*** Begin section ***

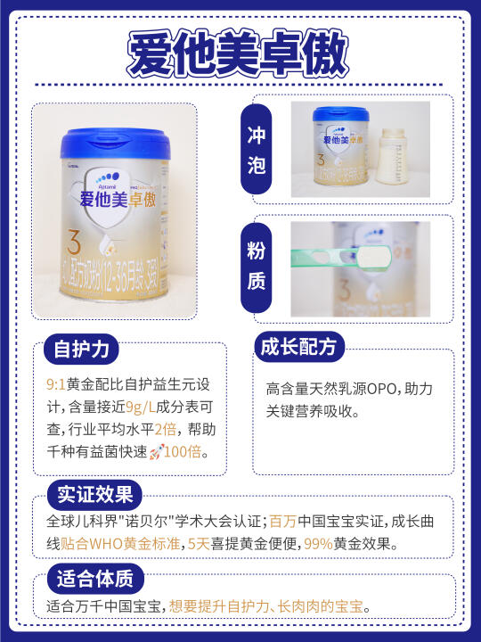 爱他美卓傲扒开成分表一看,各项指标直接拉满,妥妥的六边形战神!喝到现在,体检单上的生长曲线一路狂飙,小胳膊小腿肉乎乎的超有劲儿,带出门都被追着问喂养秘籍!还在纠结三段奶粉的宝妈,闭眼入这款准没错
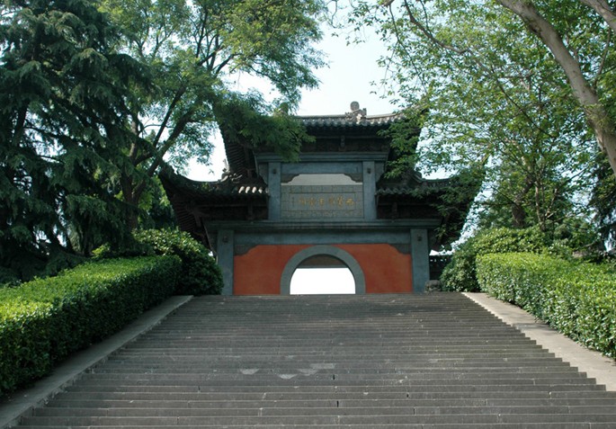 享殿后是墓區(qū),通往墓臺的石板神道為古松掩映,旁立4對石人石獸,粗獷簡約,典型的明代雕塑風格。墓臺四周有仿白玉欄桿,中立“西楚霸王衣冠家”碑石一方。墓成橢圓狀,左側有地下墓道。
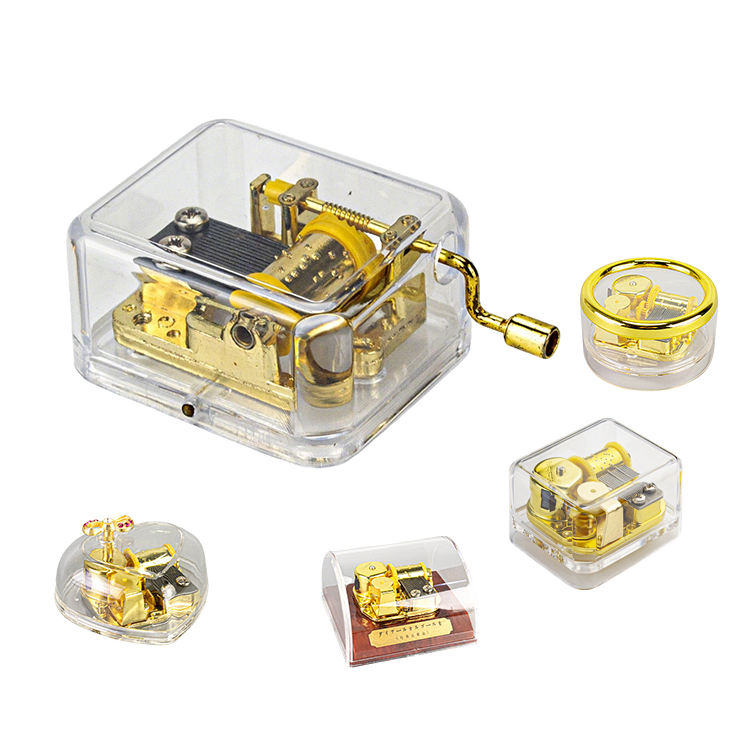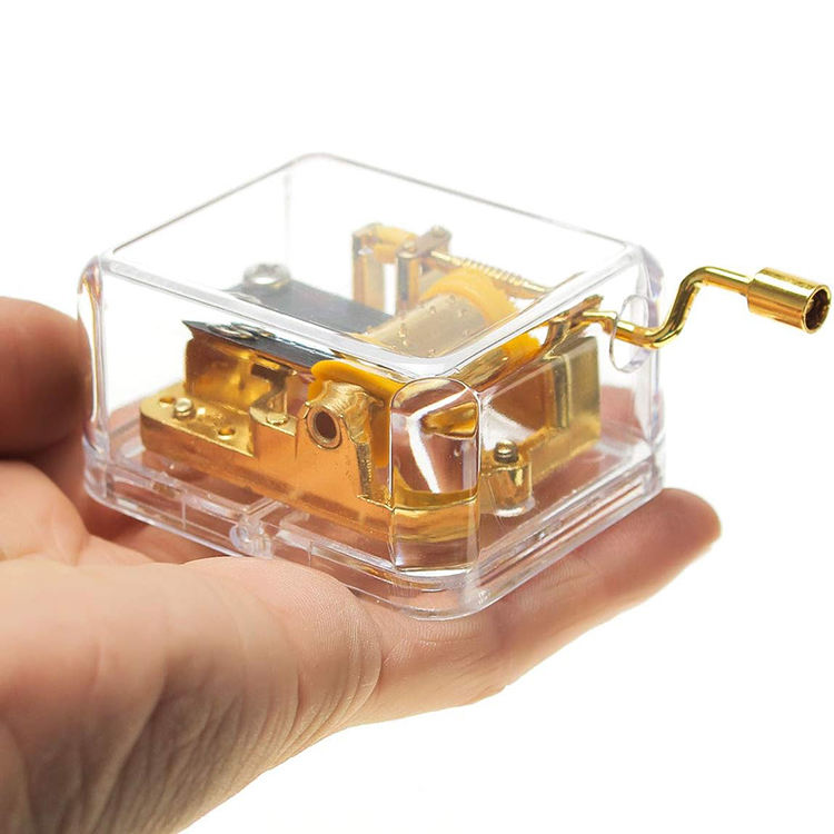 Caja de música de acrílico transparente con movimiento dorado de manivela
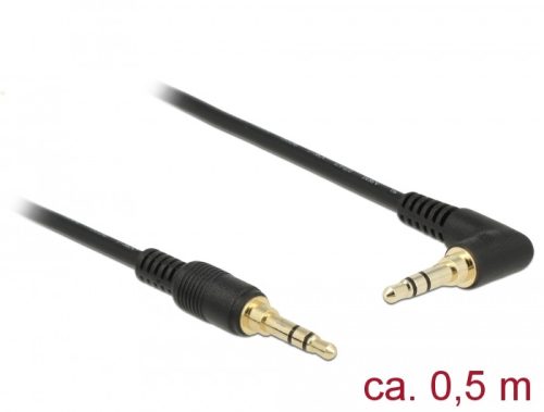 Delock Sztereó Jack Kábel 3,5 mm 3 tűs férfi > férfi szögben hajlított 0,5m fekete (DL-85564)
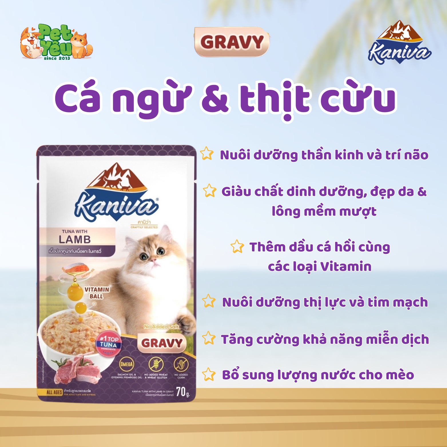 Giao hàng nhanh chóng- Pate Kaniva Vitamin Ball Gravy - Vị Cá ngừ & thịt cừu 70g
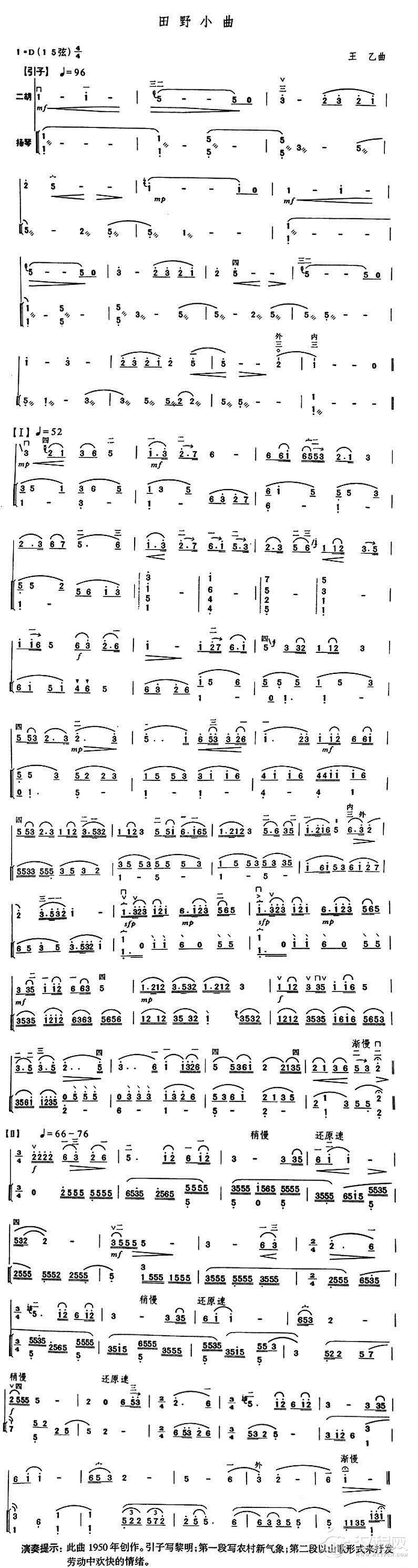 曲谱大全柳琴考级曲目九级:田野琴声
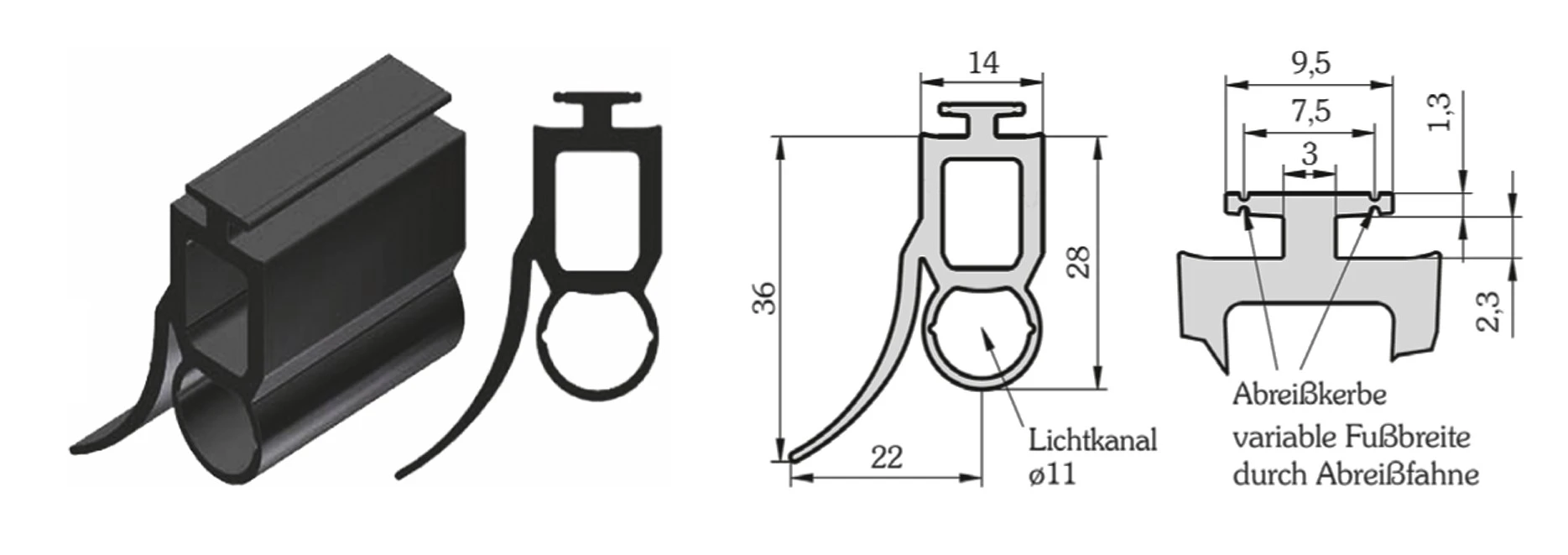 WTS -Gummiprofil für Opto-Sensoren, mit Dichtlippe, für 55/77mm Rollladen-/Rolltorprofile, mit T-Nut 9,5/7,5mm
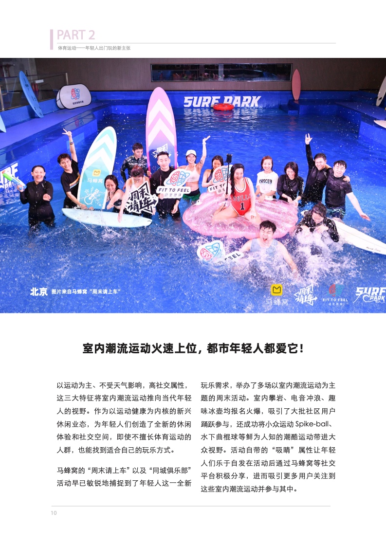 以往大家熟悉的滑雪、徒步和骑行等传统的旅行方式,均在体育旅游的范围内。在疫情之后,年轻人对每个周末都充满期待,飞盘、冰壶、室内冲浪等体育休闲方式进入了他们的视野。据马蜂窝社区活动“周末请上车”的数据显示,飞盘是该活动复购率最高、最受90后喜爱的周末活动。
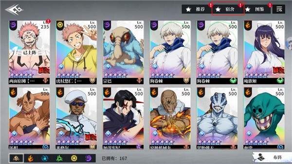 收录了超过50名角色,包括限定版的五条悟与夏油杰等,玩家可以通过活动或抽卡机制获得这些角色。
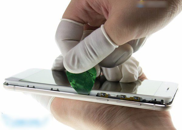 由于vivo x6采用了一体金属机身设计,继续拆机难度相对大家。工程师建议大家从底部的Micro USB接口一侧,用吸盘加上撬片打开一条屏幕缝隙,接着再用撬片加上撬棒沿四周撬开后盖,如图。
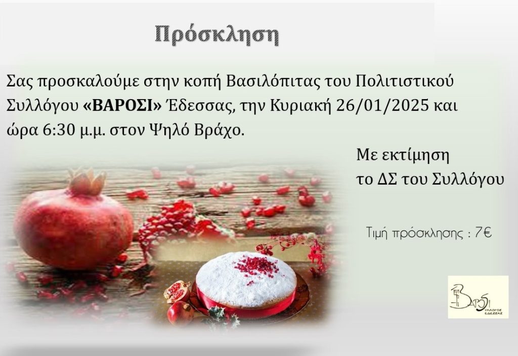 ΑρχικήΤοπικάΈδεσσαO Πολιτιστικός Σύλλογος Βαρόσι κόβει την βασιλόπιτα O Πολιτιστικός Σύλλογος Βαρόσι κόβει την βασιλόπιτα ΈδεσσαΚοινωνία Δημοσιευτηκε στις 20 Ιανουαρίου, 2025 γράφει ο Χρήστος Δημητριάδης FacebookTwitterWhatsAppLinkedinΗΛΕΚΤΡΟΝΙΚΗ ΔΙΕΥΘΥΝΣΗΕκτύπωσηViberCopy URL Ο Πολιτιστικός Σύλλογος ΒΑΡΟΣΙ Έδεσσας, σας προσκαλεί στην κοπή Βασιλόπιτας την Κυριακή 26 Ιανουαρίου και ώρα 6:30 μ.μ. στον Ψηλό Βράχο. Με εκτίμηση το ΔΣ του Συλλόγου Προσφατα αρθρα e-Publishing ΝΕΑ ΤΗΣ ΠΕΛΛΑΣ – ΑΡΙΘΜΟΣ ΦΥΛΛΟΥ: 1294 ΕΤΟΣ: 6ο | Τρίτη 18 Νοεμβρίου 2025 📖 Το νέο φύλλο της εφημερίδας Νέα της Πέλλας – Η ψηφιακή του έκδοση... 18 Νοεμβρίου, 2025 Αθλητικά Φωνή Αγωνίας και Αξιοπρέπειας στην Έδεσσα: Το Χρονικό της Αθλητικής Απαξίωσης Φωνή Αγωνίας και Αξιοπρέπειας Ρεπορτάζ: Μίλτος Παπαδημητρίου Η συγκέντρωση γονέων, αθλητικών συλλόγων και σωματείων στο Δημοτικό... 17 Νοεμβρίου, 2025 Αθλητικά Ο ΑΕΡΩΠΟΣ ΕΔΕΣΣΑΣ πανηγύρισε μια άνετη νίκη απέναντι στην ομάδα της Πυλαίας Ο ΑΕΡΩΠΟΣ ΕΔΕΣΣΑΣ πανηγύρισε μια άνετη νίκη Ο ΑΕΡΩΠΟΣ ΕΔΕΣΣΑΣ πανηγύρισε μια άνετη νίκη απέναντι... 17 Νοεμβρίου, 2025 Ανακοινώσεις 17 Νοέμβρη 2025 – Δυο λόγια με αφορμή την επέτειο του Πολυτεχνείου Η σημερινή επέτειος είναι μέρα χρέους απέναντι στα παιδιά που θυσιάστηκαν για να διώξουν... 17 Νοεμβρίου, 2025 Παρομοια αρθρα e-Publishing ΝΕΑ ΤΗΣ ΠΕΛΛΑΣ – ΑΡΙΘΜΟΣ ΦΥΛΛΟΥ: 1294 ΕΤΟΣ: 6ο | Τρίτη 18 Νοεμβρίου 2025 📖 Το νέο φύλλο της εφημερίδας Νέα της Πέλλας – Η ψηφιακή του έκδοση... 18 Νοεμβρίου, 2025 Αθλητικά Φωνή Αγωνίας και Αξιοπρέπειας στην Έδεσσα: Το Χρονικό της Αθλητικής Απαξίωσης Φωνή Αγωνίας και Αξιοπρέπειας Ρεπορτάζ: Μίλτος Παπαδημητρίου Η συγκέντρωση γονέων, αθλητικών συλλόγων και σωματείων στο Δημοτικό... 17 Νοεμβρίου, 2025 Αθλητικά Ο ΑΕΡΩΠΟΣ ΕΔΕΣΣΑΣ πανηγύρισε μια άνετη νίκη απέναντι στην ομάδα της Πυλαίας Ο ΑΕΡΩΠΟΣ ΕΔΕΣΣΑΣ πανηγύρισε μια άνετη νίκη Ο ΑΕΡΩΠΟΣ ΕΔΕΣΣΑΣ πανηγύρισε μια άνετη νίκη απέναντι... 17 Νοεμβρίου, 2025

*** End section ***

* **EXERCISE OBJECTIVE**
Images stay out; everything else in the records must be given again exactly.

* **PROBLEM SOLUTION**
 爱他美卓傲扒开成分表一看,各项指标直接拉满,妥妥的六边形战神!喝到现在,体检单上的生长曲线一路狂飙,小胳膊小腿肉乎乎的超有劲儿,带出门都被追着问喂养秘籍!还在纠结三段奶粉的宝妈,闭眼入这款准没错
 享殿后是墓區(qū),通往墓臺的石板神道為古松掩映,旁立4對石人石獸,粗獷簡約,典型的明代雕塑風格。墓臺四周有仿白玉欄桿,中立“西楚霸王衣冠家”碑石一方。墓成橢圓狀,左側有地下墓道。
 Caja de música de acrílico transparente con movimiento dorado de manivela
 Delock Sztereó Jack Kábel 3,5 mm 3 tűs férfi > férfi szögben hajlított 0,5m fekete (DL-85564)
 Giao hàng nhanh chóng- Pate Kaniva Vitamin Ball Gravy - Vị Cá ngừ & thịt cừu 70g
 曲谱大全柳琴考级曲目九级:田野琴声
 WTS -Gummiprofil für Opto-Sensoren, mit Dichtlippe, für 55/77mm Rollladen-/Rolltorprofile, mit T-Nut 9,5/7,5mm
 以往大家熟悉的滑雪、徒步和骑行等传统的旅行方式,均在体育旅游的范围内。在疫情之后,年轻人对每个周末都充满期待,飞盘、冰壶、室内冲浪等体育休闲方式进入了他们的视野。据马蜂窝社区活动“周末请上车”的数据显示,飞盘是该活动复购率最高、最受90后喜爱的周末活动。
 收录了超过50名角色,包括限定版的五条悟与夏油杰等,玩家可以通过活动或抽卡机制获得这些角色。
 由于vivo x6采用了一体金属机身设计,继续拆机难度相对大家。工程师建议大家从底部的Micro USB接口一侧,用吸盘加上撬片打开一条屏幕缝隙,接着再用撬片加上撬棒沿四周撬开后盖,如图。
 ΑρχικήΤοπικάΈδεσσαO Πολιτιστικός Σύλλογος Βαρόσι κόβει την βασιλόπιτα O Πολιτιστικός Σύλλογος Βαρόσι κόβει την βασιλόπιτα ΈδεσσαΚοινωνία Δημοσιευτηκε στις 20 Ιανουαρίου, 2025 γράφει ο Χρήστος Δημητριάδης FacebookTwitterWhatsAppLinkedinΗΛΕΚΤΡΟΝΙΚΗ ΔΙΕΥΘΥΝΣΗΕκτύπωσηViberCopy URL Ο Πολιτιστικός Σύλλογος ΒΑΡΟΣΙ Έδεσσας, σας προσκαλεί στην κοπή Βασιλόπιτας την Κυριακή 26 Ιανουαρίου και ώρα 6:30 μ.μ. στον Ψηλό Βράχο. Με εκτίμηση το ΔΣ του Συλλόγου Προσφατα αρθρα e-Publishing ΝΕΑ ΤΗΣ ΠΕΛΛΑΣ – ΑΡΙΘΜΟΣ ΦΥΛΛΟΥ: 1294 ΕΤΟΣ: 6ο | Τρίτη 18 Νοεμβρίου 2025 📖 Το νέο φύλλο της εφημερίδας Νέα της Πέλλας – Η ψηφιακή του έκδοση... 18 Νοεμβρίου, 2025 Αθλητικά Φωνή Αγωνίας και Αξιοπρέπειας στην Έδεσσα: Το Χρονικό της Αθλητικής Απαξίωσης Φωνή Αγωνίας και Αξιοπρέπειας Ρεπορτάζ: Μίλτος Παπαδημητρίου Η συγκέντρωση γονέων, αθλητικών συλλόγων και σωματείων στο Δημοτικό... 17 Νοεμβρίου, 2025 Αθλητικά Ο ΑΕΡΩΠΟΣ ΕΔΕΣΣΑΣ πανηγύρισε μια άνετη νίκη απέναντι στην ομάδα της Πυλαίας Ο ΑΕΡΩΠΟΣ ΕΔΕΣΣΑΣ πανηγύρισε μια άνετη νίκη Ο ΑΕΡΩΠΟΣ ΕΔΕΣΣΑΣ πανηγύρισε μια άνετη νίκη απέναντι... 17 Νοεμβρίου, 2025 Ανακοινώσεις 17 Νοέμβρη 2025 – Δυο λόγια με αφορμή την επέτειο του Πολυτεχνείου Η σημερινή επέτειος είναι μέρα χρέους απέναντι στα παιδιά που θυσιάστηκαν για να διώξουν... 17 Νοεμβρίου, 2025 Παρομοια αρθρα e-Publishing ΝΕΑ ΤΗΣ ΠΕΛΛΑΣ – ΑΡΙΘΜΟΣ ΦΥΛΛΟΥ: 1294 ΕΤΟΣ: 6ο | Τρίτη 18 Νοεμβρίου 2025 📖 Το νέο φύλλο της εφημερίδας Νέα της Πέλλας – Η ψηφιακή του έκδοση... 18 Νοεμβρίου, 2025 Αθλητικά Φωνή Αγωνίας και Αξιοπρέπειας στην Έδεσσα: Το Χρονικό της Αθλητικής Απαξίωσης Φωνή Αγωνίας και Αξιοπρέπειας Ρεπορτάζ: Μίλτος Παπαδημητρίου Η συγκέντρωση γονέων, αθλητικών συλλόγων και σωματείων στο Δημοτικό... 17 Νοεμβρίου, 2025 Αθλητικά Ο ΑΕΡΩΠΟΣ ΕΔΕΣΣΑΣ πανηγύρισε μια άνετη νίκη απέναντι στην ομάδα της Πυλαίας Ο ΑΕΡΩΠΟΣ ΕΔΕΣΣΑΣ πανηγύρισε μια άνετη νίκη Ο ΑΕΡΩΠΟΣ ΕΔΕΣΣΑΣ πανηγύρισε μια άνετη νίκη απέναντι... 17 Νοεμβρίου, 2025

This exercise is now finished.